## TASK ITEM
When you reach the line that contains "Общая площадь: 60.8 м2", begin copying exactly and continue through the last line below. Do not copy pictures.

[Extracted records]

▬▬▬▬▬▬

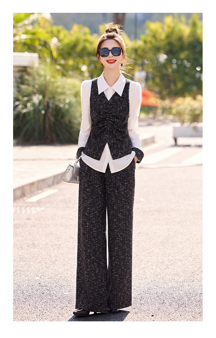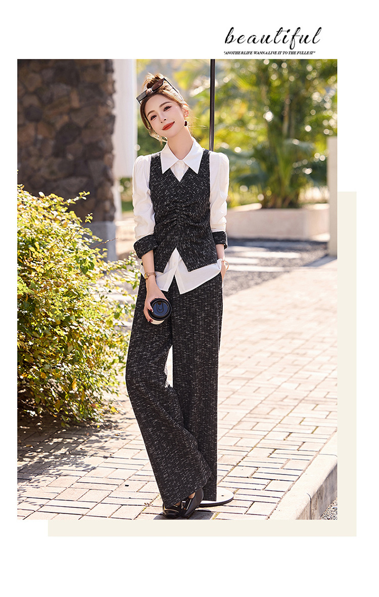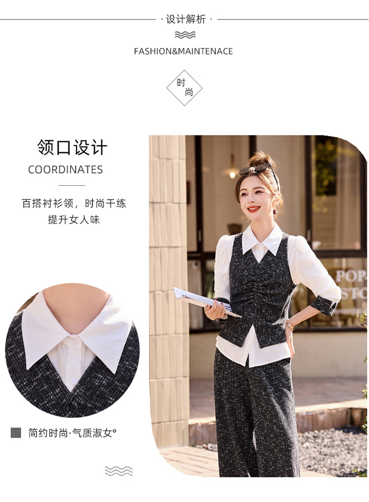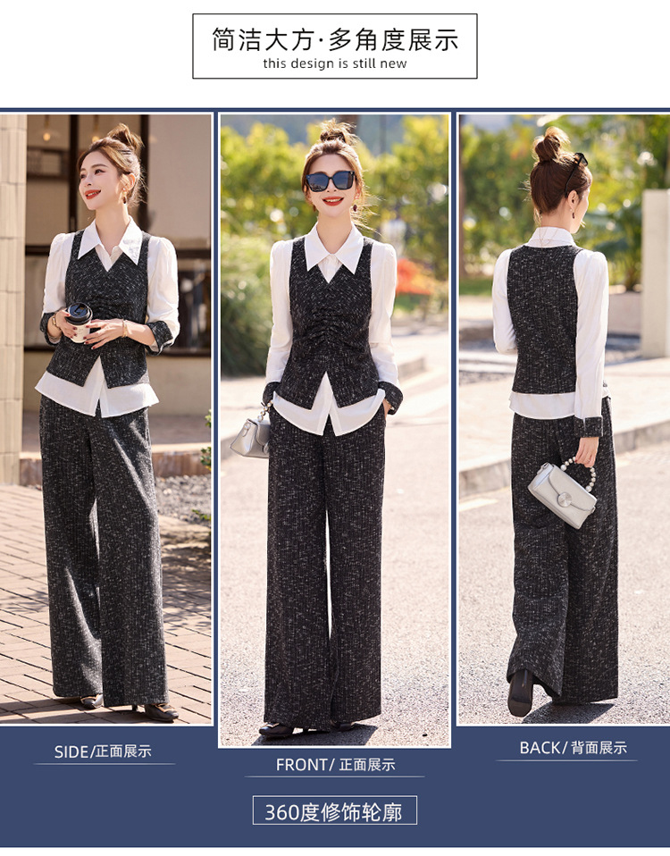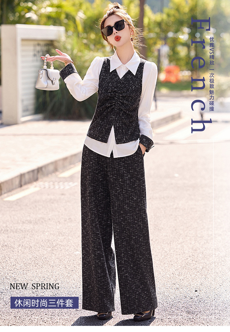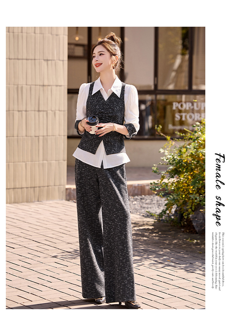 2025新款秋装简约时尚气质淑女百搭衬衫领时尚休闲三件套SNX3086
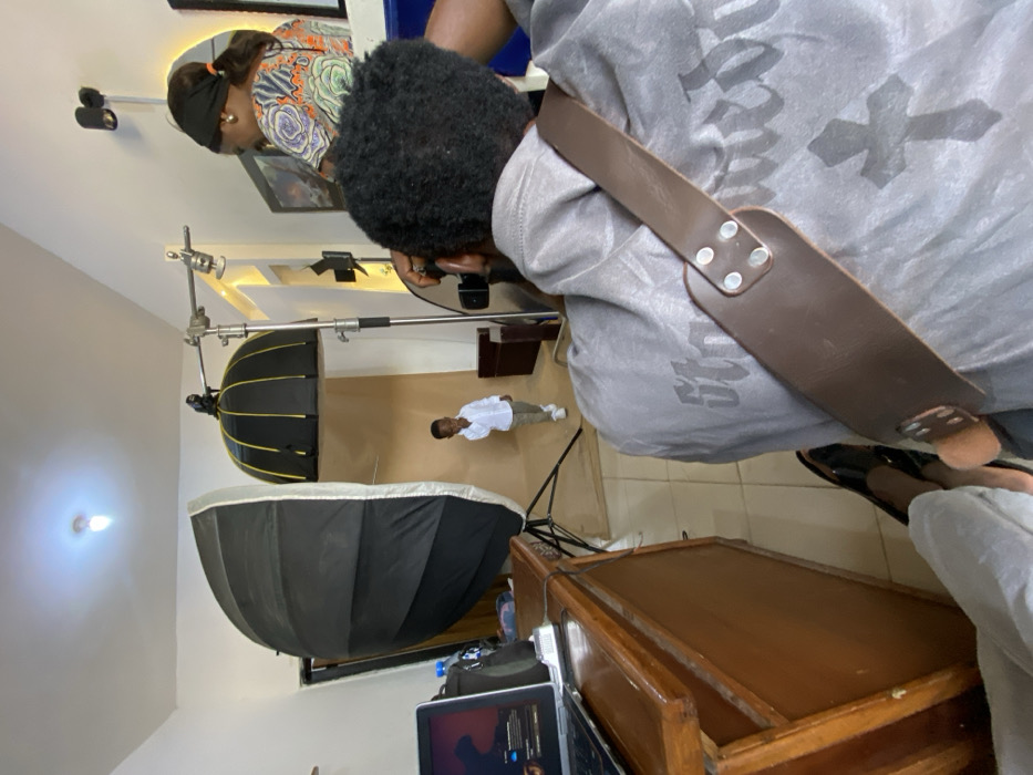 This image captures an indoor photography session underway in Bukuru, Nigeria
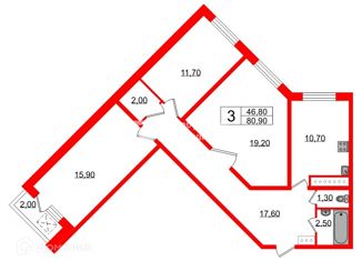 Общая площадь: 60.8 м2
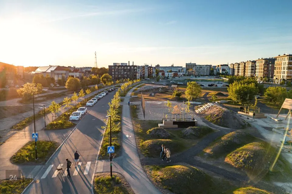 - Kvartali keskel kulgeb mitmekesise maastikuga vahepark, mis pakub hulganisti võimalusi sportimiseks ja vaba aja veetmiseks.
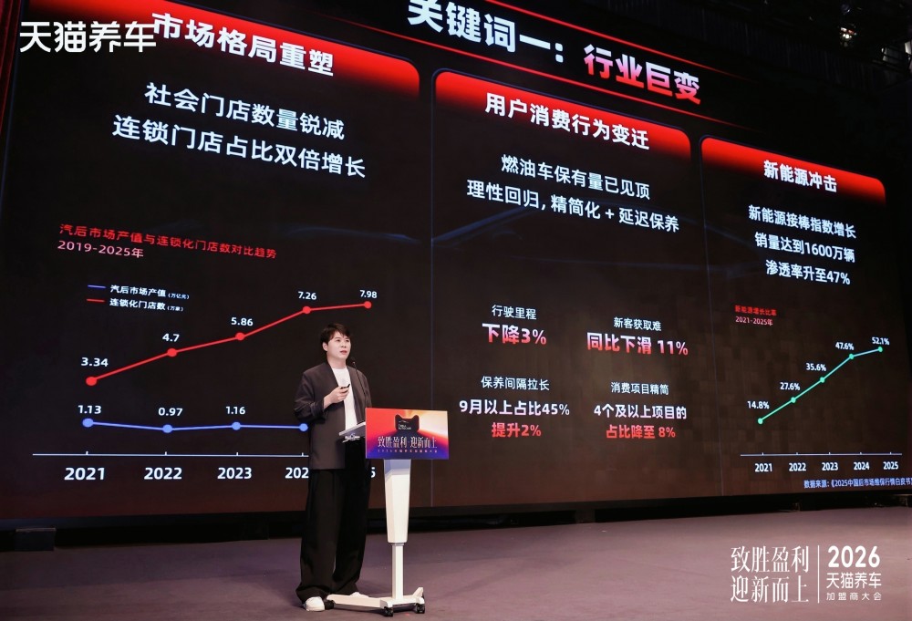 这里是2026天猫养车加盟商大会的现场。会场中央,天猫养车CEO无封,这位在阿里沉淀十年的“老兵”,刚刚结束了他的分享。他没有像往年那样堆砌满屏的PPT数据,而是讲起了F1赛车的维修区4秒换胎的故事,讲起了跑过的40多座城市、200多家门店,以及一个核心观点:

▬▬▬▬▬▬

## WRITTEN ANSWER
 Общая площадь: 60.8 м2
 - Kvartali keskel kulgeb mitmekesise maastikuga vahepark, mis pakub hulganisti võimalusi sportimiseks ja vaba aja veetmiseks.
 这里是2026天猫养车加盟商大会的现场。会场中央,天猫养车CEO无封,这位在阿里沉淀十年的“老兵”,刚刚结束了他的分享。他没有像往年那样堆砌满屏的PPT数据,而是讲起了F1赛车的维修区4秒换胎的故事,讲起了跑过的40多座城市、200多家门店,以及一个核心观点:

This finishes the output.